News from the Tennessee Valley Opinion


Libby commutation intended to hide executive misdeeds

To The Daily: It was near the height of the Watergate scandal when Martha Mitchell, wife of Attorney General John Mitchell, told the news media should her husband go to prison that she will expose the wrongs of White House officials. Thirty-four years later, as Lewis “Scooter” Libby, former chief of staff for Vice President Dick Cheney, left the federal courthouse after his guilty verdict, his wife spoke faintly if her husband goes to prison others will follow. Mrs. Libby is no Mrs. Mitchell by any stretch of the imagination. However, these two wives knew of an evil connection in the executive branch of the federal government. History repeats itself.
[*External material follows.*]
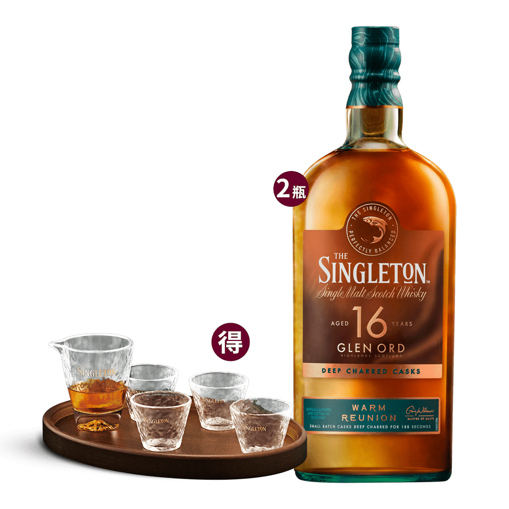 即日起,蘇格登深焙16年滿2瓶,即可獲得「限量聯名豐味勻杯組」1組!

From mere observation, President Bush had to commute Libby’s sentence in order to squash further media coverage and close the curtains of White House involvement. Libby may have been the “scapegoat,” but the suspected image of a cover-up will continue through a congressional investigation of U.S. attorneys’ dismissals.
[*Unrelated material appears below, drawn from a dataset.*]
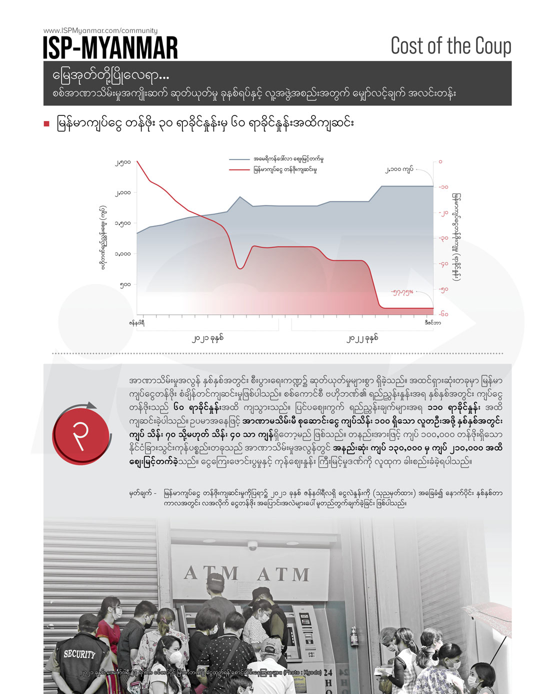 မြန်မာကျပ်ငွေတန်ဖိုး ၃၀ ရာခိုင်နှုန်းမှ ၆၀ ရာခိုင်နှုန်းအထိ ကျဆင်း

Some citizens have come to Mr. Libby’s defense, saying he had not committed a crime in the Valerie Plame “leak” case. Perjury or lying is a violation of the law, of which the accused, upon conviction, is subjected to prison time. I was taught that all deceptions, the intentional overstatements, suppression of truth, misleading information, exaggerated impressions, erroneous facts and misrepresenting documents fall within the sphere of lying and falsehood.

President Bush, who speaks much of his Christian faith and favors the commutation of a former, friendly staffer, should rise above partisanship, go beyond polarization, and leap over marginalization of the American people by pardoning his political enemies, such as Don Siegelman and Richard Scrushy. Now, that would be real Christianity in action (Bush following his spiritual leader), but it won’t happen in the current administration.